#### What the task asks:
For this listing, reproduce the line with "Outdoor classes for", the line with "Contact elements - with mountin adapter LPXE", and the lines between, exactly as they stand. Leave out pictures and all other lines.

#### Given data:
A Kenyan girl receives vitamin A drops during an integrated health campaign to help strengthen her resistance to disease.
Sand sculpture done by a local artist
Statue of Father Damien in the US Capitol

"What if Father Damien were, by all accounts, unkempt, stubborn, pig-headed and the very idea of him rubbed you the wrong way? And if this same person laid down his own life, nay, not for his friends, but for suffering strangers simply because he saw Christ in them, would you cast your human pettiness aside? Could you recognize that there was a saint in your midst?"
==
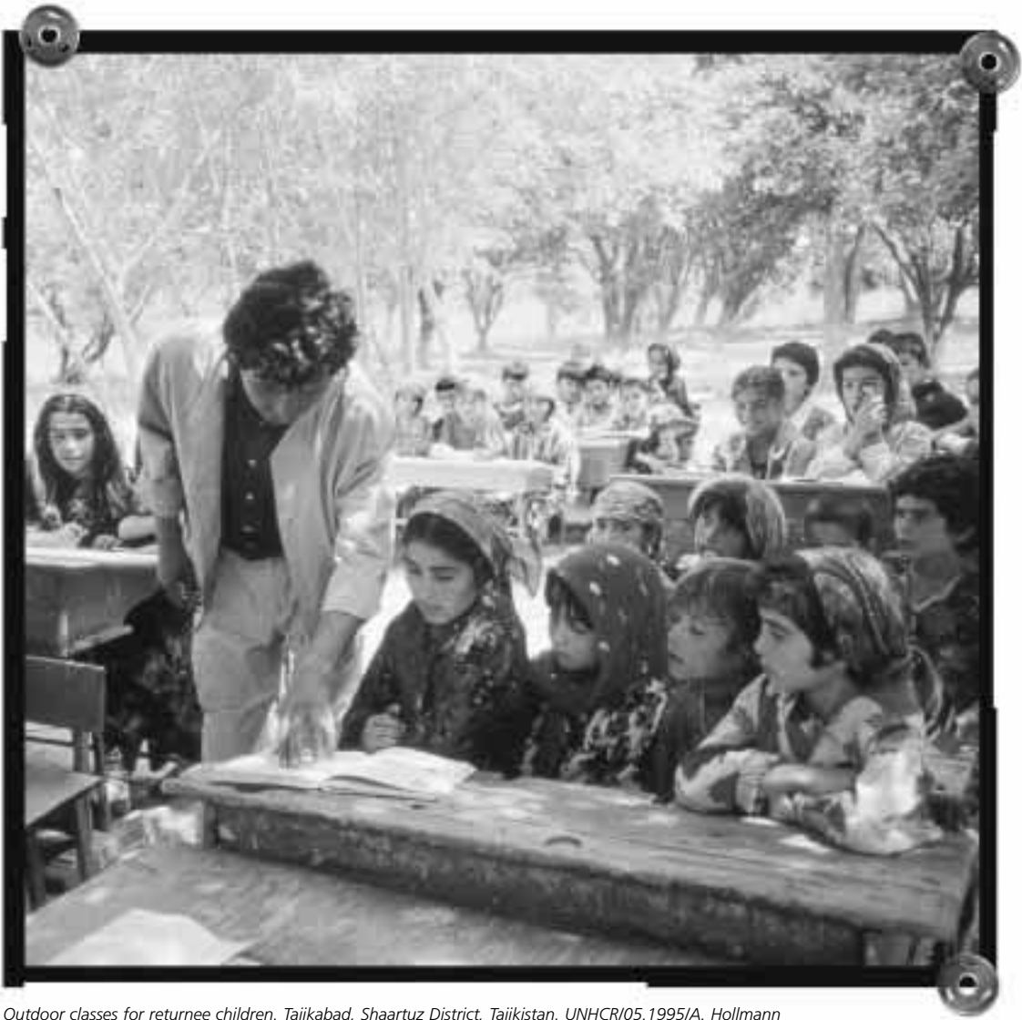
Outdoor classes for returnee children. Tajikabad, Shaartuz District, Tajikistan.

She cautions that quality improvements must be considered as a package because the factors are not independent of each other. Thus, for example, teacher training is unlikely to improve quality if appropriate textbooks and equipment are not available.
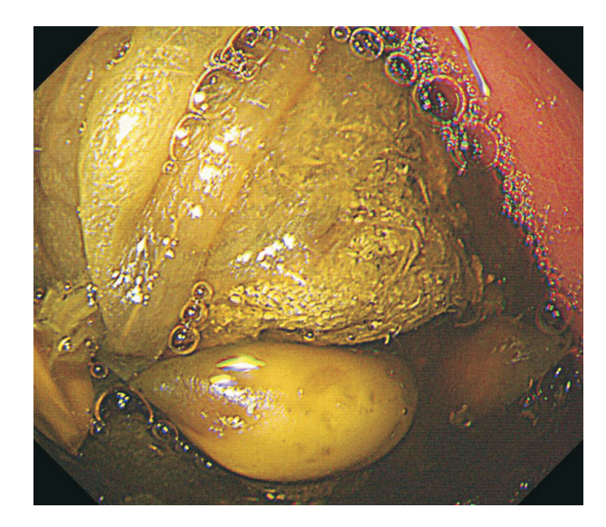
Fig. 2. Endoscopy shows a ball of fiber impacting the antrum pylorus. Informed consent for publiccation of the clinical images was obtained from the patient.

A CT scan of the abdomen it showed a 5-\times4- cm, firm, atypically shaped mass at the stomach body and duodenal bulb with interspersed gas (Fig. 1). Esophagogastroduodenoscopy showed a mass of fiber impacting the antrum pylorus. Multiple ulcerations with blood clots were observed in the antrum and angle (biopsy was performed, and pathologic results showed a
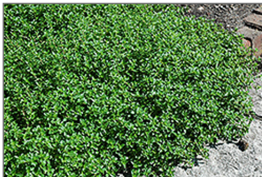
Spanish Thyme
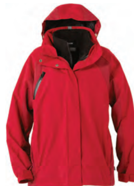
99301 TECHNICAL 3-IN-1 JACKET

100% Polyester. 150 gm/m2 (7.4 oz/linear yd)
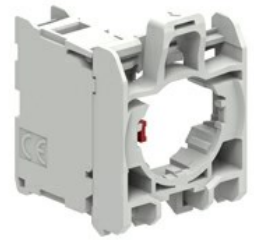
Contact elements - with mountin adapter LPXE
...
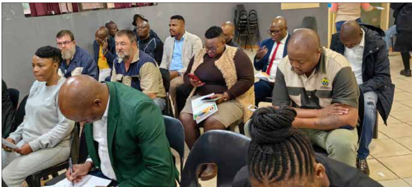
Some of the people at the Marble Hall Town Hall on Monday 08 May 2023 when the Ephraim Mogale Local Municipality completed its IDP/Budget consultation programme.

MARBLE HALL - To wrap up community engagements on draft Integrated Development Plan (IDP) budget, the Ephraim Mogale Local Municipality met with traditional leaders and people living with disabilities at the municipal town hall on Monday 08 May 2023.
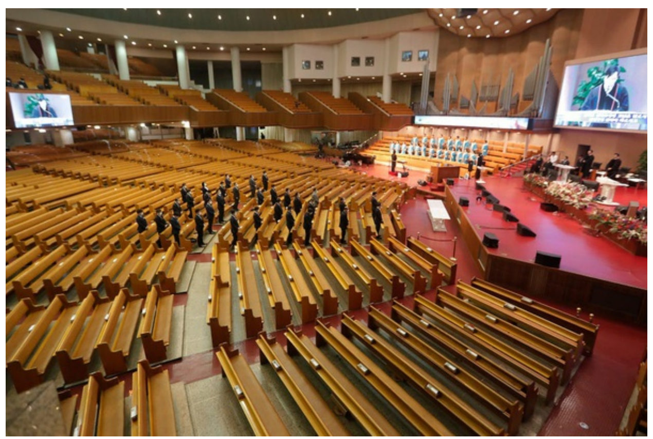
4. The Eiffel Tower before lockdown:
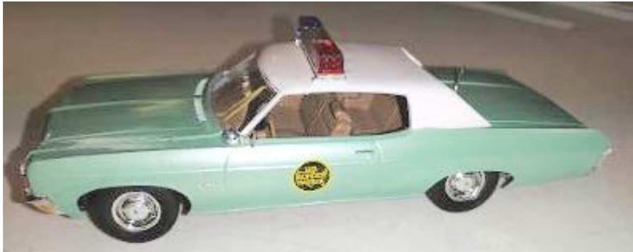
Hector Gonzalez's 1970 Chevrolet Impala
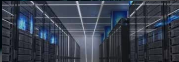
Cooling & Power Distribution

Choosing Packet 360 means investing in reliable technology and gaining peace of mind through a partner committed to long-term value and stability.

#### Result below:
Outdoor classes for returnee children. Tajikabad, Shaartuz District, Tajikistan.

She cautions that quality improvements must be considered as a package because the factors are not independent of each other. Thus, for example, teacher training is unlikely to improve quality if appropriate textbooks and equipment are not available.
Fig. 2. Endoscopy shows a ball of fiber impacting the antrum pylorus. Informed consent for publiccation of the clinical images was obtained from the patient.

A CT scan of the abdomen it showed a 5-\times4- cm, firm, atypically shaped mass at the stomach body and duodenal bulb with interspersed gas (Fig. 1). Esophagogastroduodenoscopy showed a mass of fiber impacting the antrum pylorus. Multiple ulcerations with blood clots were observed in the antrum and angle (biopsy was performed, and pathologic results showed a
Spanish Thyme
99301 TECHNICAL 3-IN-1 JACKET

100% Polyester. 150 gm/m2 (7.4 oz/linear yd)
Contact elements - with mountin adapter LPXE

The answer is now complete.